FIG. 3 is a diagram showing an application example of the present invention. Premixer 14
The opening 30 provided in the rectangular shaped body is provided corresponding to the inner peripheral surface of the movable ring 25, and the concave portion 31 is formed on the inner peripheral surface of the movable ring 25.
Is provided. With such a structure, in the closed state of the movable ring on the low load side, the effective area of the opening 30 provided in the rectangular body is narrowed down by the inner surface of the movable ring, and the amount of fuel in the second stage may be small. The amount of premixed air can be appropriately reduced accordingly, and the combustion performance on the light load side can be reduced and the fuel can be reliably switched to the two-stage combustion. Further, a bypass hole 17 is provided in the upstream portion of the main combustion chamber cylinder 5 so that a part of the cooling air flows into the combustion chamber.
The bypass hole 17 absorbs the fluctuation of the cooling air amount caused by the change of the flow resistance balance due to the opening and closing of the movable ring, and secures the minimum required cooling amount.

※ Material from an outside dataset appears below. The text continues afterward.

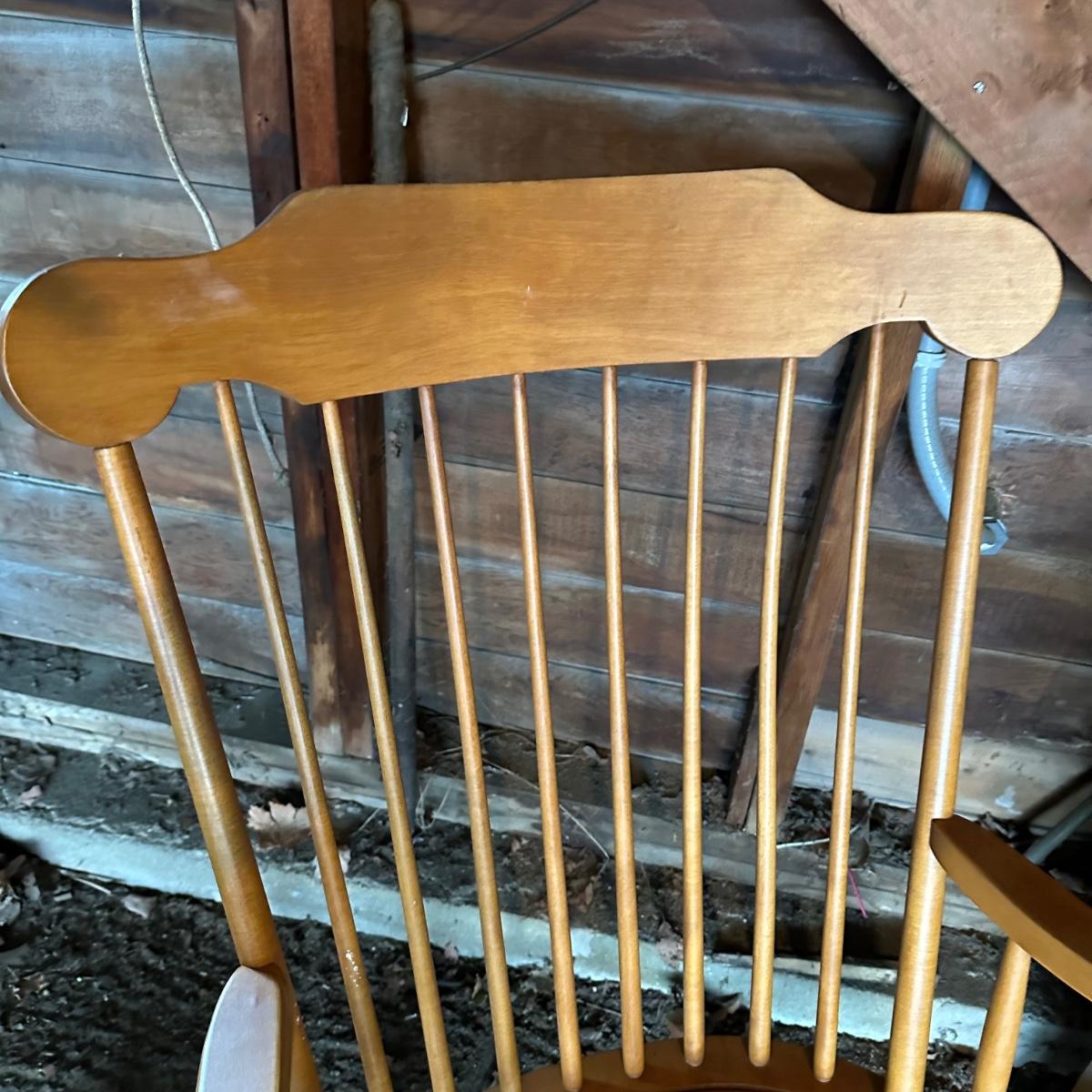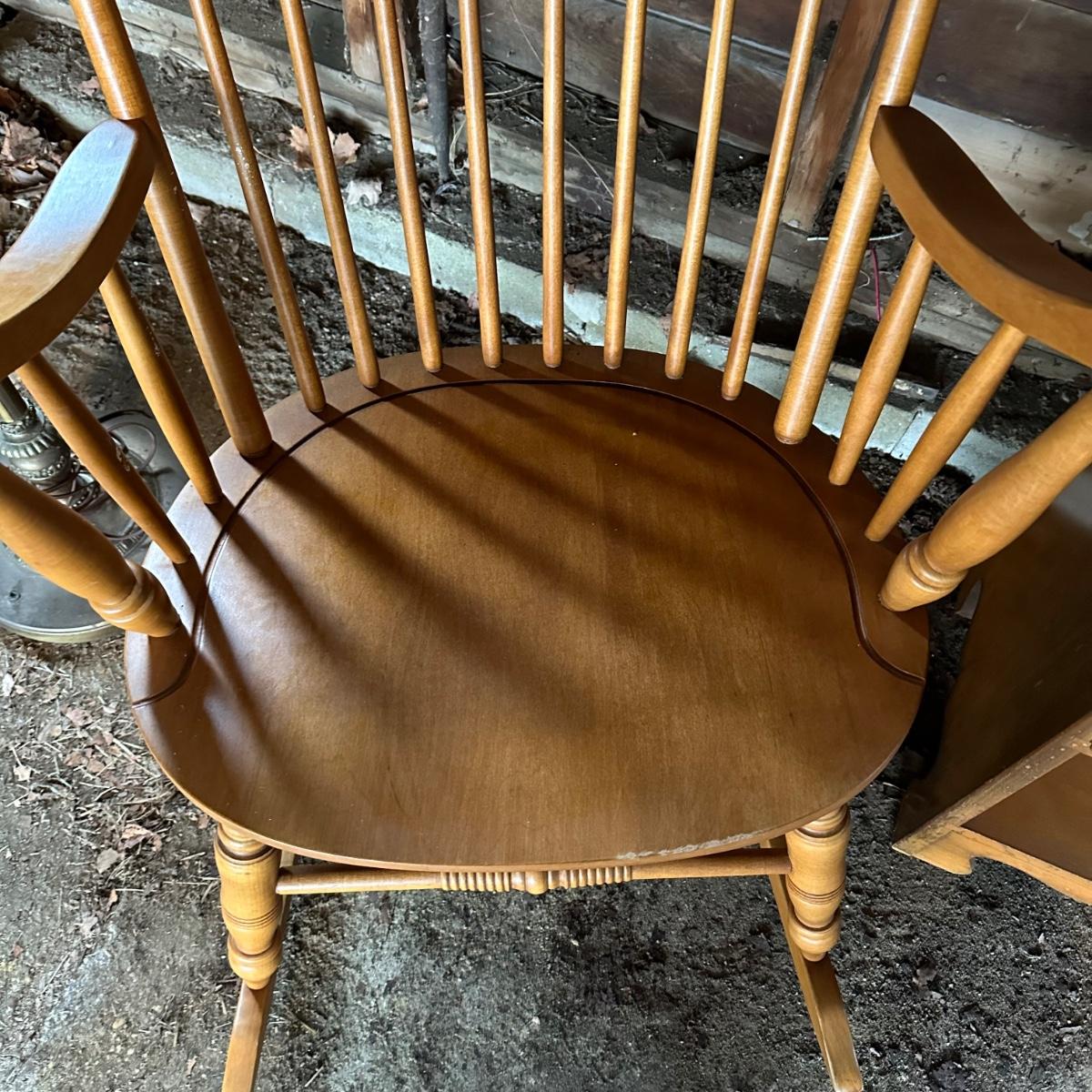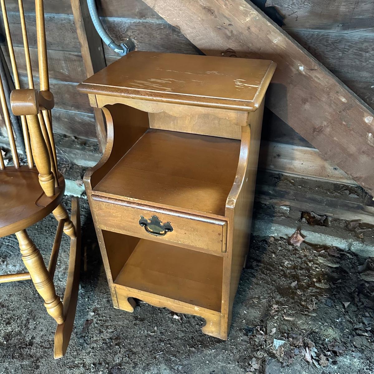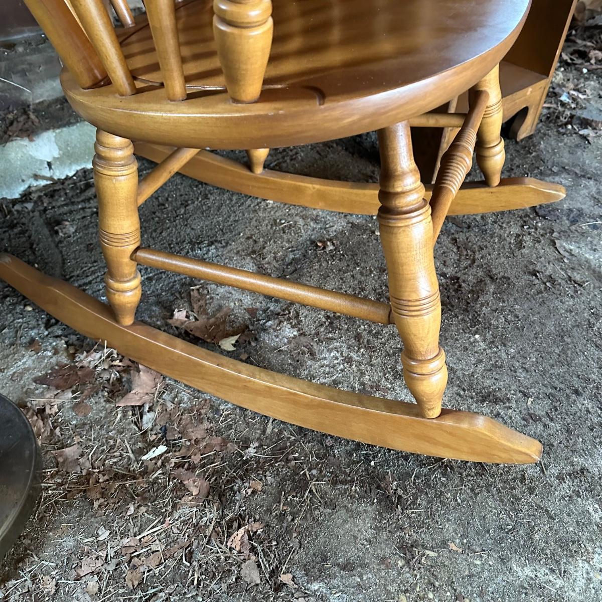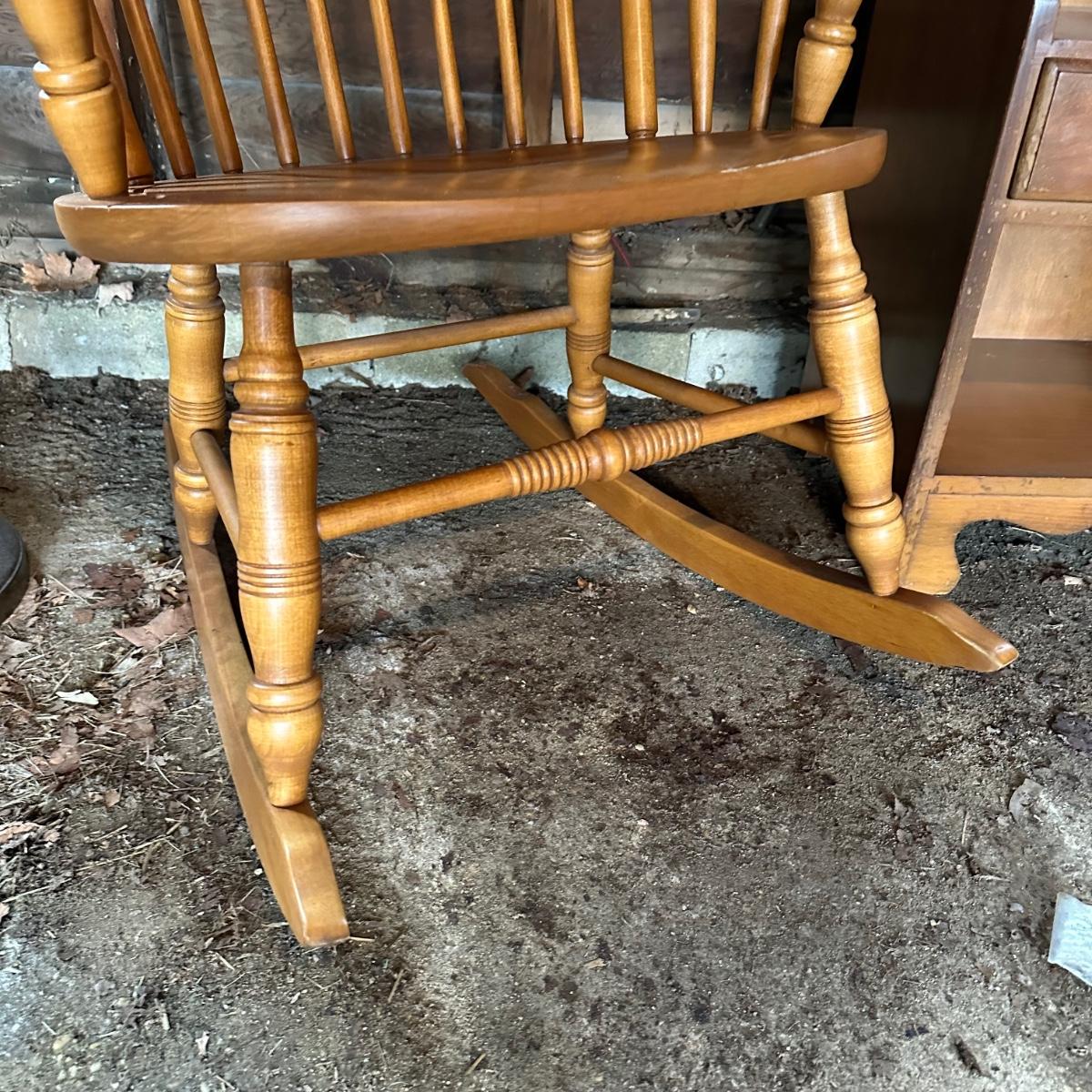LOT 181G: Moosehead Furniture Rocking Chair w/ Beals Side Table & Brass Lamp

FIG. 4 shows the operating state of the combustor corresponding to the gas turbine load. From the no load to about 30% load is the first stage combustion, and from 30% to the rating is the second stage combustion. At high load and the movable ring is opened, it is to increase the low NO _X effects the second stage of the combustion ratio is increased in the second stage combustion air by large. Further, at the time of shifting to the two-stage combustion, the low NO _x of the first-stage combustion can be achieved by closing the movable ring prior to this.

〔The invention's effect〕

By causing the cooling air of the main chamber combustion cylinder according to the present invention to act as premixed combustion air, it becomes possible to burn a large amount of premixed combustion with a high NO _X effect in a lean state, which is larger than conventional. Achieves low NO _X in the width. Also,
In a high temperature gas turbine, the theoretical air amount required for combustion increases, the air required for cooling increases, and the excess air for the lean burn margin decreases. By causing the cooling air to act as combustion air also on such a high temperature combustor, it becomes possible to make the high temperature combustor to have side NO _X.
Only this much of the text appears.